Vets Return Home to Battle New Foe: VA Bureaucracy

Story after troubling story appears in news reports across the country. Veterans apply for the disability benefits they were promised in service to their country, only to wait a year or more as huge backlogs at the Department of Veterans Affairs (VA) delay their requests. If a request for benefits is rejected and appealed, the average wait time balloons to 3.5 years. And to add insult to injury, nearly 74 percent of those appeals in 2012 were either reversed in favor of the vet by the Board of Veterans’ Appeals or sent back because of errors by VA staff.

Given the poor health and age of many vets – 1.7 million World War II vets are still alive while a million Vietnam vets are turning 65 – many die before they or their survivors ever see a penny, according to Returning Vets Return Home to Battle New Foe: VA BureaucracyHome to Battle, an ongoing investigation of the troubled VA by the Center for Investigative Reporting.  “It’s beyond tragic,” said Bonnie Carroll, founder of Tragedy Assistance Program for Survivors.

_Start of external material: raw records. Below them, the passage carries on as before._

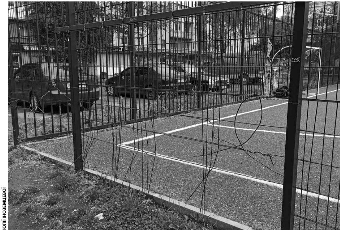
Металева огорожа по всьому периметру зламана і дротів не вистачає

На запитання, куди звертатися тернополянам, якщо майданчик
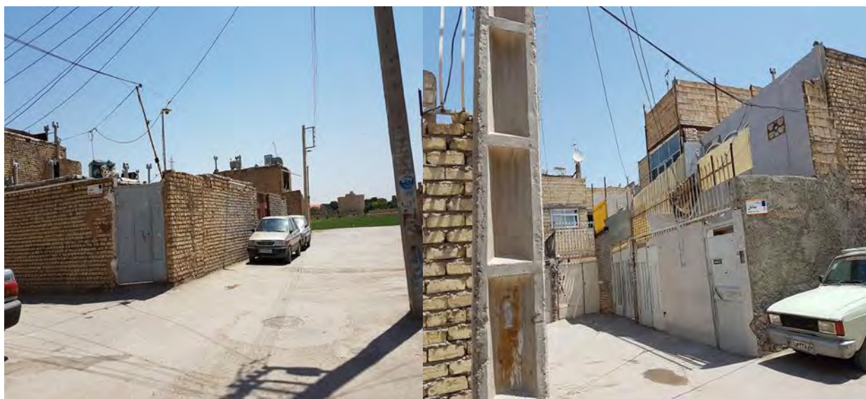
شکل (۲): وضعیت کالبدی مسکن در سکونتگاه های غیر رسمی منطقه ۱۴ اصفهان، مأخذ: برداشت های میدانی پژوهشگران، ۱۳۹۸

جدول (۷): برآورد آزمون t تک نمونه‌ای جهت مقایسه معنی داری هر یک از عوامل در پرسشنامه تاثیر بر کیفیت و رفاه شهروندان بر مبنای زیست پذیری شهری
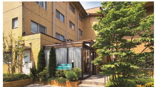
介護付き有料老人ホーム
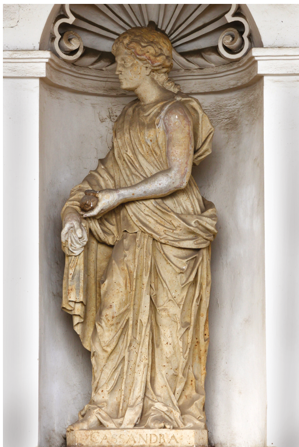
5 – Cassandra, první polovina 70. let 17. století. Kroměříž, kolonáda Květné zahrady

Zatímco architektura Le Colonnacce stála v centru pozornosti umělců již od renesance, figurální výzdoba byla až do poloviny 17. století reprodukována, i vzhledem k vysoce fragmentárnímu stavu dochování, jen vzácně. Výjimkou je cyklus kreseb vytvořených pro album Cassiana Dal Pozzo,36 kde byly obě části reliéfu s vyobrazením Venuše Cloaciny s dalšími božstvy a s personifikací vodního pramene spojeny do jedné kompozice podobným způsobem, jakým to pak učinil Pietro Santi Bartoli. [obr. 4] Na kresbách Dal Pozzo alba i na Bartoliho rytině byly chybějící partie reliéfu navíc „dorestaurovány“: u Venuše Cloaciny (v Kroměříži „MEDVLLINA“) byla doplněna hlava a postava k ní obrácené ženy zahalené v peplu (kroměřížská „CASSANDRA“) získala pravou paži. [obr. 5] Kroměřížský sochař, který špatně inter-
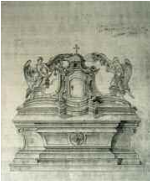
Schwaiger Antal: Oltárterv rajza, színezett vázlat. (Szlovák Nemzeti Archívum. Közli: RUSINA 1998, 145. kép)
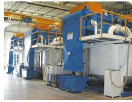
Esteira de filtros de pressão

When a veteran dies without his or her benefits, she said, families face not only the financial burden of medical bills and burial costs, but also emotional distress from the “loss of connection to the military that their loved one served and sacrificed for.”

While the VA has shown progress in reducing the claims backlog (first-time requests pending 125 days or longer), significant problems remain, according to many veterans advocates. Since March 2013, the backlog has been cut from 611,073 to 244,602 claims as of Oct. 4. Yet, the average wait time for a response to a claim has increased from 291 days to 345 days during the same time period. (See real-time Data Dashboard below).

Filing benefit claims can be very confusing, and the process for approval can be wrought with delays, mistakes and lengthy appeals. Veterans can apply in person at VA Regional Offices (VAROs) or at VA medical centers. For faster decisions, veterans should file an electronic Fully Developed Claim (FDC) on eBenefits. Review this document from the U.S. Department of Veterans Affairs, which explains in detail the process for filing an electronic claim [PDF]. In addition, veterans are encouraged to ask for assistance from qualified third parties. The Disabled American Veterans (DAV), with offices located throughout the country, will help veterans file benefit claims for free.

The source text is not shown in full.